What to work on: Lines from the opening of the material through the line containing "Gegenstücke. In der" must be duplicated word for word. Pictures are not.

Source data:
+--

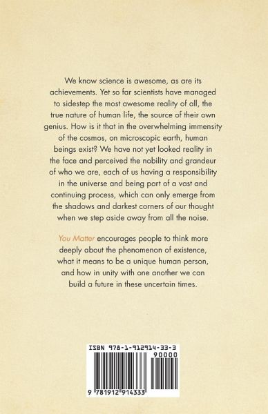 We know science is awesome, as are its achievements. Yet so far scientists have managed to sidestep the most awesome reality of all, the true nature of human life, the source of their own genius. How is it that in the overwhelming immensity of the cosmos, on microscopic earth, human beings exist? We have not yet looked reality in the face and perceived the nobility and grandeur of who we are, each of us having a responsibility in the universe and being part of a vast and continuing process, which can only emerge from the shadows and darkest corners of our thought when we step aside away from all the noise. 'You Matter' encourages people to think more deeply about the phenomenon of existence, what it means to be a unique human person, and how in unity with one another we can build a future in these uncertain times.
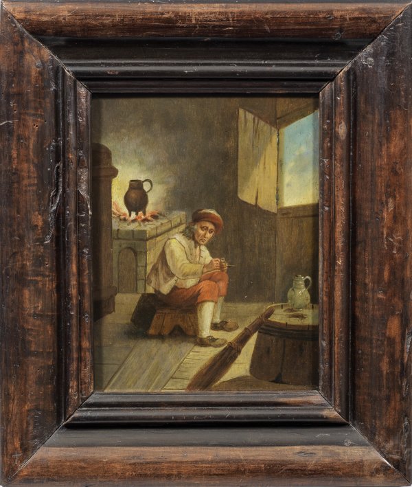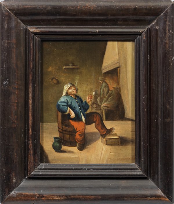 Gegenstücke. In der niederländischen bzw. flämischen Tradition von Adriaen van Ostade und Adriaen Brouwer gemalte Kabinettbilder. Öl/Holztafel. Ca. 26 cm x 18,5 cm. Wohl Original-Rahmen.
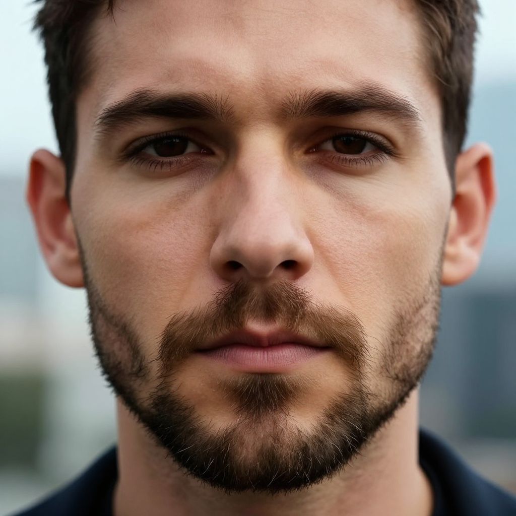 Chin beard no mustache style on a rugged man, detailed facial hair with sharp clean edges, expressive eyes, subtle skin texture, natural lighting highlighting beard strands, close-up portrait, modern urban background, realistic and cinematic.

+--

Written answer:
 We know science is awesome, as are its achievements. Yet so far scientists have managed to sidestep the most awesome reality of all, the true nature of human life, the source of their own genius. How is it that in the overwhelming immensity of the cosmos, on microscopic earth, human beings exist? We have not yet looked reality in the face and perceived the nobility and grandeur of who we are, each of us having a responsibility in the universe and being part of a vast and continuing process, which can only emerge from the shadows and darkest corners of our thought when we step aside away from all the noise. 'You Matter' encourages people to think more deeply about the phenomenon of existence, what it means to be a unique human person, and how in unity with one another we can build a future in these uncertain times.
 Gegenstücke. In der niederländischen bzw. flämischen Tradition von Adriaen van Ostade und Adriaen Brouwer gemalte Kabinettbilder. Öl/Holztafel. Ca. 26 cm x 18,5 cm. Wohl Original-Rahmen.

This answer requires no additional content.